> _Extracted information_:
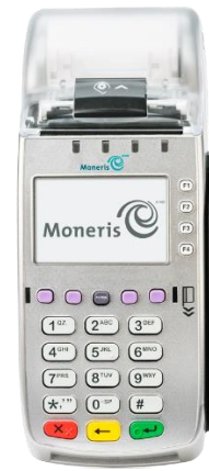
Terminal VX 520
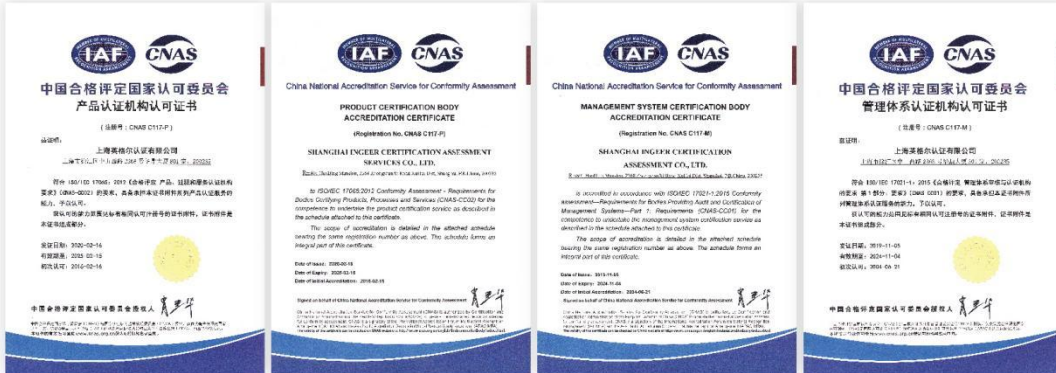
中国认可委认可证书
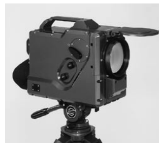
1987 Cámara térmica FORTIS Wild Heerbrugg & Siemens Albis
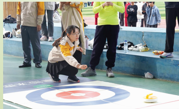
▲教职工趣味运动会现场
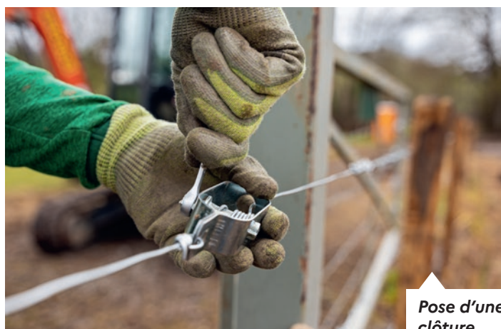
Pose d'une clôture
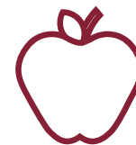
Servicio de comida
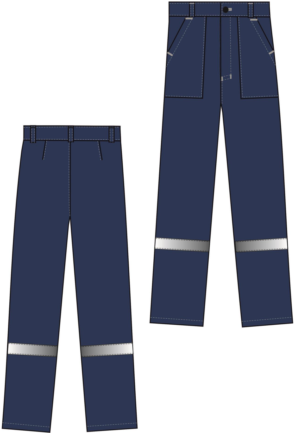
Рис. 4. Эскиз Костюм Стандарт СОП (тк.Смесовая,210) брюки, т.синий/оранжевый, брюки вид спереди и сзади.
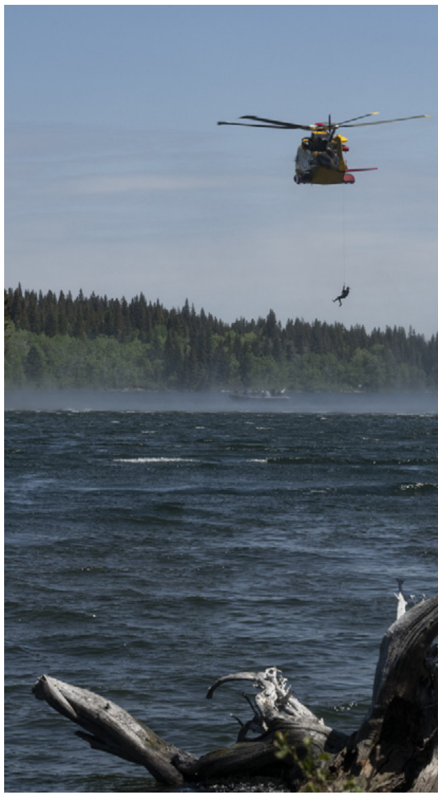
Un technicien en recherche et sauvetage du 442e Escadron de transport et de sauvetage descend dans l'eau pour sauver une victime simulée dans le cadre de leur participation à CHINTHEX 2023.

Les opérations telles que CHINTHEX23 permettent à la Marine d'améliorer son interopérabilité avec l'ARC, ce qui est un facteur essentiel pour répondre efficacement aux urgences et aux crises. Les partenariats formés au cours de CHINTHEX23 continueront de se renforcer, ce qui permettra aux FAC de répondre rapidement à toute situation nécessitant des opérations de recherche et de sauvetage.
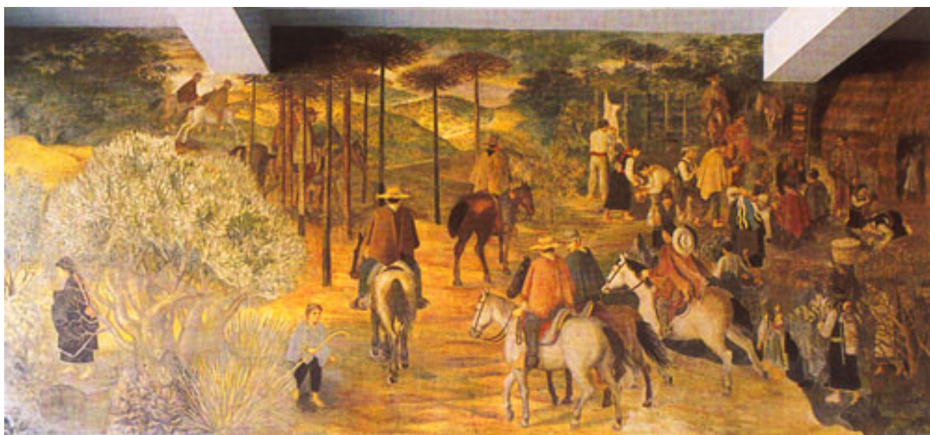
HOMENAJE A LA MEDICINA NATURAL (fragmento)
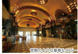
宮殿のような豪華なロビー ホテル川久のシンボル・うさぎのブロンズ像
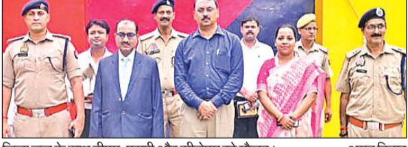
जिला जज के साथ डीएम, एसपी और सीजेएम रहे मौजूद।
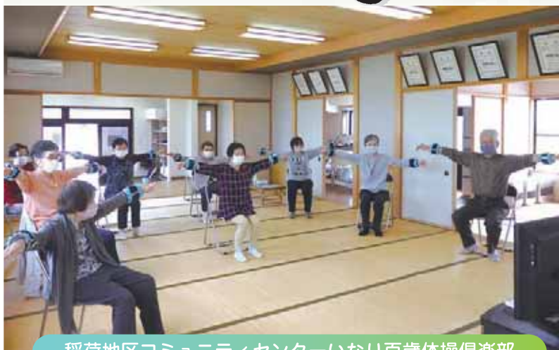
稲荷地区コミュニティセンターいなり百歳体操倶楽部
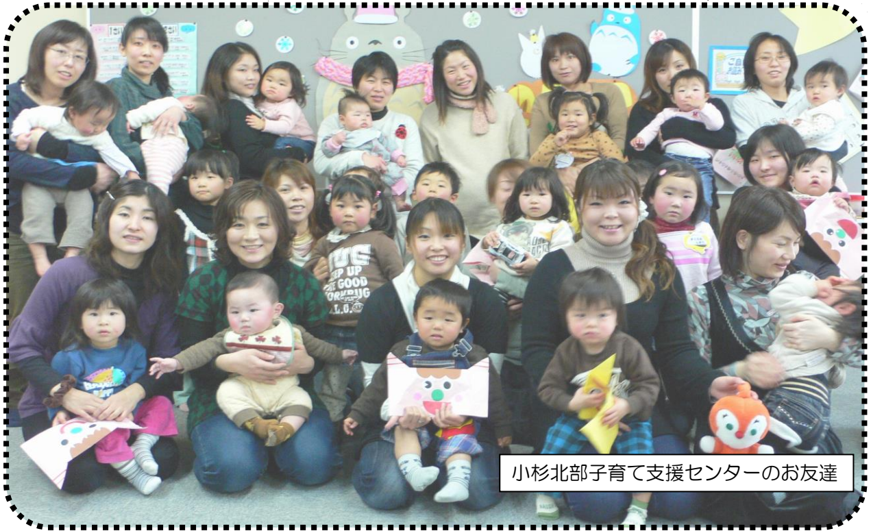
小杉北部子育て支援センターのお友達

「ちやいる.com どっとこむ いみず子育て情報」は、あなたの子育てのヒントになる情報をお知らせしたいとの思いを込めて発行しています。
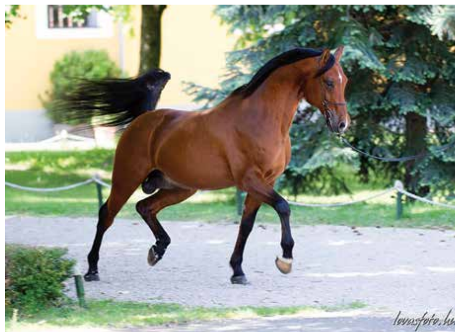
Koheilan Koppány P / Koheilan XV (sz.: 2005 Koheilan XIII x 27 Siglavy Bagdady XVI-2)

Szélesre tártuk Bábolna kapuit, feladat volt, hogy engedjünk a „birodalmi gögből”, segítsük az éledező magántenyésztést, hiszen a fajta megőrzése csak széles tömegbázisra alapozott erős
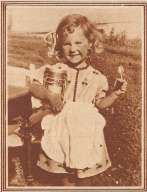
1. Der Doktor kommt zur Puppe und zum Bär, weil sie immer müde sind.

Hubert, der im Speisezimmer geblieben war, begluechte den jungen Mann von ganzem Herzen. Es mochte schrecklich für ihn sein, immer darauf zu warten, wann der Irr-
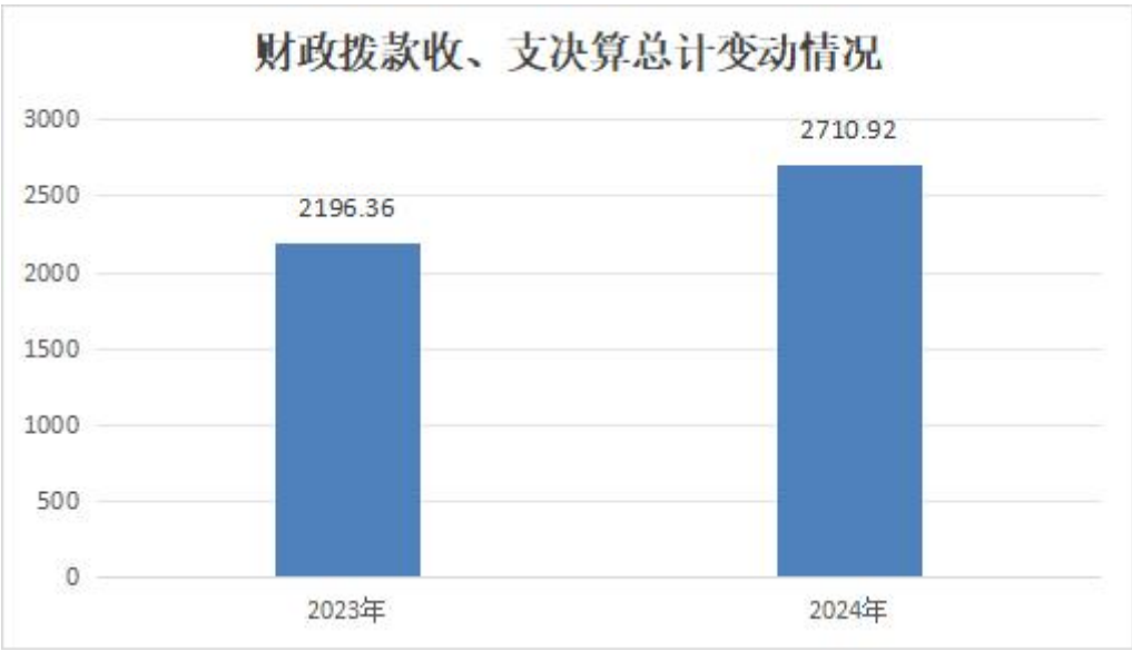
(图 4：财政拨款收、支决算总计变动情况)

2024 年度财政拨款收入、支出总计均为 2710.92 万元。与 2023 年度相比，财政拨款收入总计、支出总计各增加 514.56 万元，上升 23.43%。主要变动原因是 2024 年支付 2023 年人员经费较多，如住房公积金、社保金等。
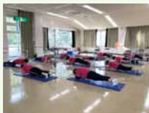
腰痛膝痛予防サークル
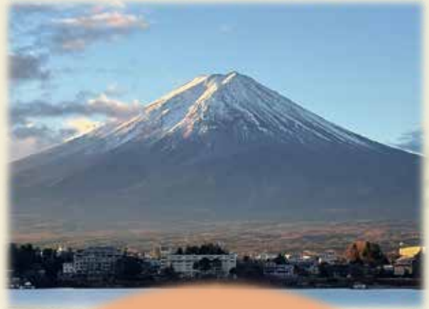
河口湖の湖畔より①
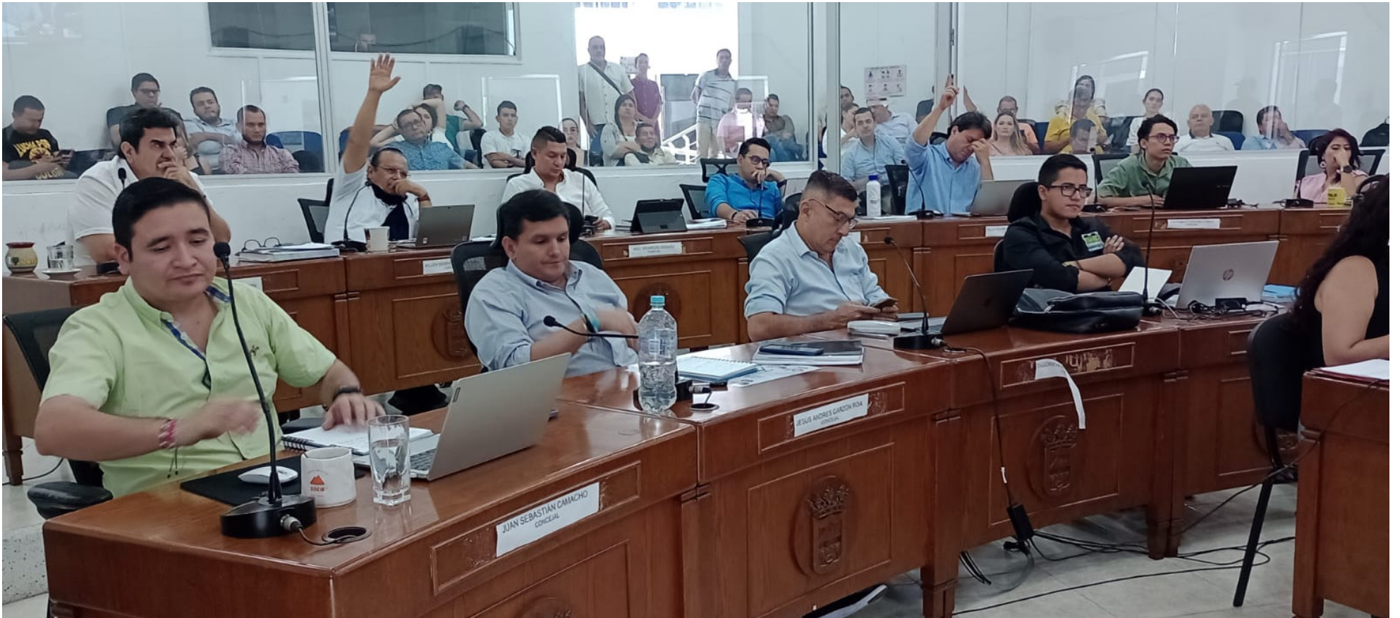
Debate de control político en el Concejo, sobre el Setp.
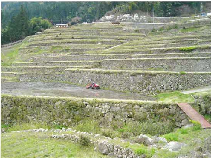
屋敷前の急傾斜地に展開する棚田
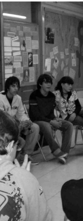
EL CAU JOVE VA OBRIR LES PORTES EL 2005

L'any 2005, amb la posada en marxa dels Plans Locals de Joventut, la Pobla de Claramunt va fer una aposta important en les polítiques adreçades als joves. Es va crear la regidoria de Joventut i es van obrir les portes del Cau Jove. També es va contractar una tècnica i una dinamitzadora juvenil per tirar endavant les actuacions dirigides al jovent. El Pla Local és una eina que facilita el desenvolupament d'una política integral de joventut per donar resposta a les necessitats dels joves. Gràcies al Pla Local 2005-2007 al nostre municipi es va donar un gran impuls a les accions destinades al jovent. Amb el nou document, que tindrà vigència del 2008 al 2011, es volen consolidar aquestes polítiques.
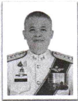
๑.พล.ต.ท.กมล เจริญรักษา อดีตผู้ทรงคุณวุฒิพิเศษ ตร.

> _How to complete this task_: Go through the material above, and wherever a line contains the string "immer", return it.

> _Reply to the exercise_:
1. Der Doktor kommt zur Puppe und zum Bär, weil sie immer müde sind.
Hubert, der im Speisezimmer geblieben war, begluechte den jungen Mann von ganzem Herzen. Es mochte schrecklich für ihn sein, immer darauf zu warten, wann der Irr-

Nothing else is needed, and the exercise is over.